Je vois que tu te penches sur ce tableau connu en y cherchant ce qui te fait trembler.
Ecoute derrière la pièce d’eau le passe-pied masqué et la grive qui l’espionne.
Martèle encore un peu l’image et tes yeux riront eux aussi.
Sur la grève pour Cythère on se hâte, mais s’il fallait rester ? Pour suivre d’un doigt
brûlant la courbe où au calendrier tu mêlas les feuilles pleines, les fruits ramassés,
les barques soudaines et nos bras délicieux.

La bourrasque promise fait sourire les fenêtres. Je t’offre nos épaules au vent,
caressant l’espace de gammes en serments. Je t’offre la croisée ouverte sur le mur
chaud où s’impriment, la veille en applique, l’appui de demain, l’impossible toujours.

∗∗∗

Mon garçon

A mes fils

Mon frêle et gracile.
Mon garçon
Mon petit miel qui rit

Ma lecture innée
Mon sommeil de moissons
Mes sillons résumés
Mon parasol en bonds.

Je fais le serment rose de faire se lever le soleil comme tu le veux : et tu tiendras ma
main.
Je fais le serment roux de ne jamais m’incliner en barrière : et tu lâcheras ma main.

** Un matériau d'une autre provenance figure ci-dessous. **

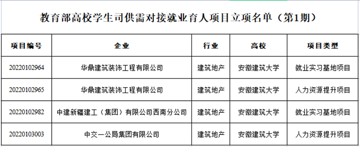 本网讯 近日,教育部高校学生司《关于公布第一期供需对接就业育人项目立项名单的通知》(教学司函〔2022〕7号)文件公布了第一期供需对接就业育人项目立项名单。经学校申请、校企多轮洽谈与对接,就业工作处与中交一公局集团有限公司、中建新疆建工(集团)有限公司西南分公司、华鼎建筑装饰工程有限公司等3家企业的就业实习基地与人力资源提升4个项目获得立项。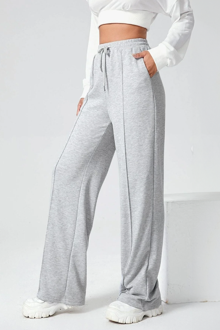 - Model ima visoki, elastični struk s vezicama, bočne džepove i široke nogavice.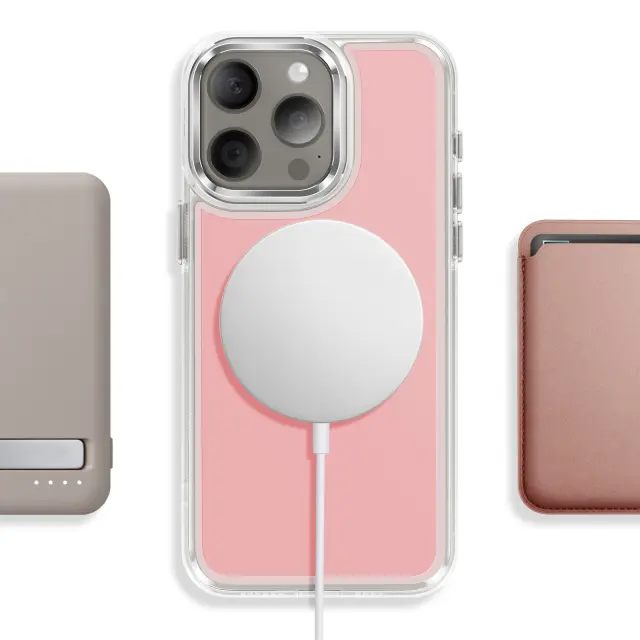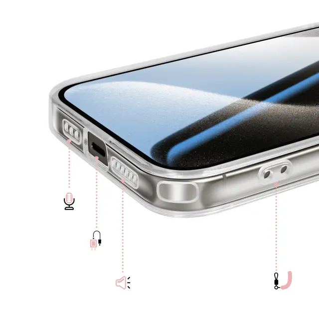Vgrajen magnetni obroč za natančno poravnavo za brezžično polnjenje in uporabo magnetnih pripomočkov, združljivih s sistemom MagSafe. Kombinacija matirane trde hrbtne strani, ki preprečuje praske, in prozorne, ojačane mehke oblike za dobro ravnovesje med slogom in vsakodnevno zaščito.. Ojačani vogali z notranjimi zračnimi blazinami, ki blažijo udarce pri vsakodnevnem rokovanju in padcih.. Rahlo dvignjen, metaliziran okvir kamere, ki pomaga zmanjšati praske na površinah.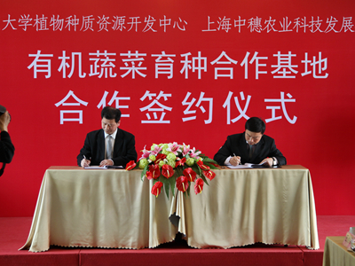 此次植物种质资源开发中心与中穗农业科技发展有限公司的合作,着力将该园区建设作为中心有机蔬菜合作基地、科研育种基地、优质品种创制基地以及社会服务的孵化基地。仪式中,合作双方进行了深入的交流。陆建非代表学校,感谢中穗及相关领导对中心的关心和帮助。他表示,此次的合作使师大为社会服务进入了纵深发展新阶段。希望双方在互动、互助、互利的基础上,将该基地建设成为优质种质产学研基地,更好地服务社会。

Je veux être la mousse des forêts reculées, douce à ton pas curieux et nu de terreurs
résiduelles et puissantes.

Je veux être la brume qui s’étiole à la proue de tes départs, parfumant tes doutes de
la sève du retour entier.

Je veux être la jointure blanche de tes poings au haut des boulevards où d’autres
vont en pente, lorsqu’il faudra trouver la maille par où commencer.

Je veux être, aux soirs des solitudes qui ne manqueront pas, la paroi qui t’investit
d’un miroir prometteur.

Je veux être le filigrane dont tu disposes et que tu emportes partout.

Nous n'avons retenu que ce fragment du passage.